Expand max_parallel_replicas documentation

Based on discussion in #17807
2024-11-24 16:42:05 +00:00 · 2020-12-12 13:57:01 -08:00 · 2020-12-12 13:57:01 -08:00 · 17a8a4e966
commit 17a8a4e966
parent 542dd454aa
2 changed files with 30 additions and 3 deletions
--- a/docs/en/operations/settings/settings.md
+++ b/docs/en/operations/settings/settings.md
@ -1093,9 +1093,14 @@ See the section “WITH TOTALS modifier”.
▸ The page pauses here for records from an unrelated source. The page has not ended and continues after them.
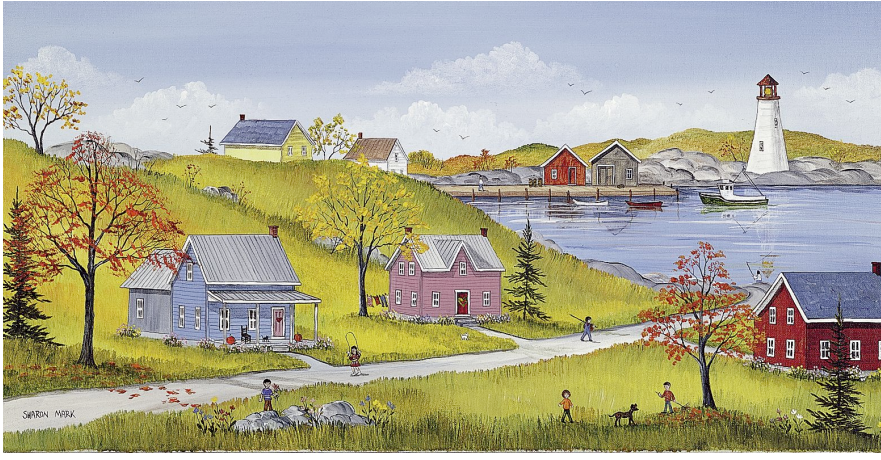
« AUTUMN BY THE LIGHT HOUSE », 2006, 12 \times 24 po.

ous sizes, and most of her work finds eager buyers.
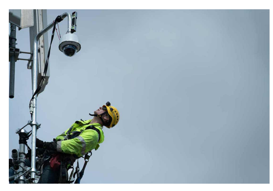
A technician installs an ALERTWildfire camera.

Predictive analytics techniques—now used with realtime data analysis—were recently used by firefighting authorities in a majority of the fires in Southern California over the last two months, including the Palisades and Getty fires. This data-driven approach to response is thanks to a 150-day statewide pilot program called FIRIS (Fire Integrated Real-Time Intelligence System), launched in September under state funding secured by Assemblywoman Cottie Petrie-Norris (D-Laguna Beach).
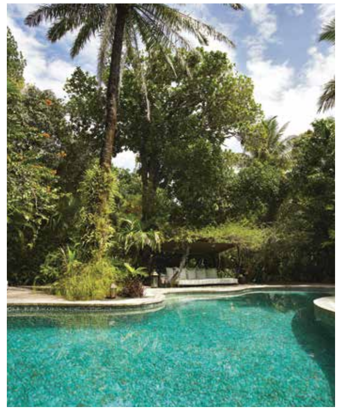
UXUA merges five restored colonial casas on the Quadrado with a lush garden containing six tropical dreamhouses, a spa, restaurant and quartz pool, plus a beach lounge a short walk away. This village-within-a-village was created by designer Wilbert Das working beside local artisans and artists using traditional methods and reclaimed materials.
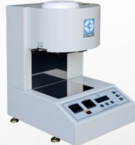
Melt Index Machine
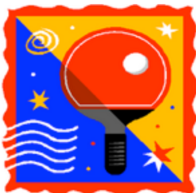
TABLE TENNIS CLUB

Free lessons for men & women: Thursdays 8:00A - 12:00 noon
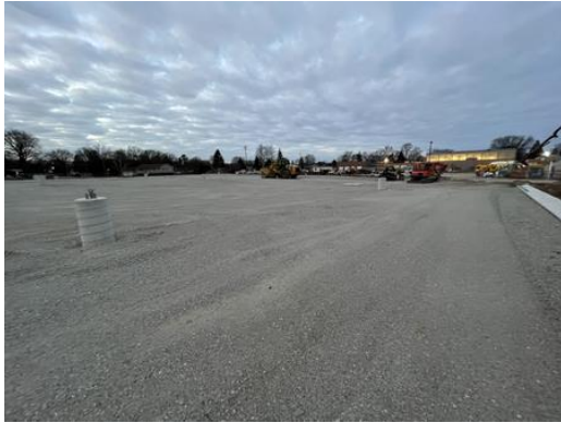
HS Student Parking Prep
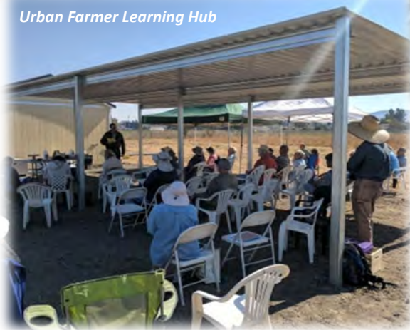
Urban Farmer Learning Hub
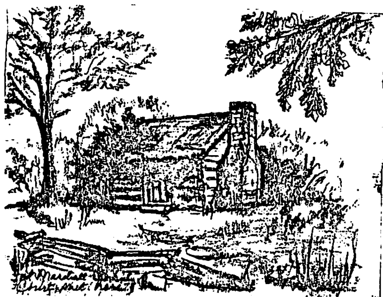
First Marshall County Court met here.
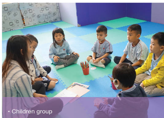
• Children group

To tackle the developmental and behavioural issues of young children, particularly the emotion and mental health, as well as to support families in parenting, Caritas St. Francis Kindergarten (“SFKG”) and Caritas Ling Yuet Sin Kindergarten (“LYSKG”) launched the “Child Development and Family Support Service Scheme” in November 2018 with the collaboration of Caritas Family Service. Parent talk, children group and case interviews were organized. A parent newsletter was also published in December 2018.
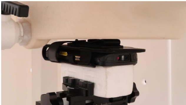
Back with Soft Holster at 0 mm

 ## max_parallel_replicas {#settings-max_parallel_replicas}

-The maximum number of replicas for each shard when executing a query.
-For consistency (to get different parts of the same data split), this option only works when the sampling key is set.
-Replica lag is not controlled.
+The maximum number of replicas for each shard when executing a query. In limited circumstances, this can make a query faster by executing it on more servers. This setting is only useful for replicated tables with a sampling key. There are cases where performance will not improve or even worsen:
+
+- the position of the sampling key in the partitioning key's order doesn't allow efficient range scans
+- adding a sampling key to the table makes filtering by other columns less efficient
+- the sampling key is an expression that is expensive to calculate
+- the cluster's latency distribution has a long tail, so that querying more servers increases the query's overall latency
+
+In addition, this setting will produce incorrect results when joins or subqueries are involved, and all tables don't meet certain conditions. See [Distributed Subqueries and max_parallel_replicas](../../sql-reference/operators/in.md/#max_parallel_replica-subqueries) for more details.

 ## compile {#compile}

--- a/docs/en/sql-reference/operators/in.md
+++ b/docs/en/sql-reference/operators/in.md
@ -197,3 +197,25 @@ This is more optimal than using the normal IN. However, keep the following point
 5.  If you need to use GLOBAL IN often, plan the location of the ClickHouse cluster so that a single group of replicas resides in no more than one data center with a fast network between them, so that a query can be processed entirely within a single data center.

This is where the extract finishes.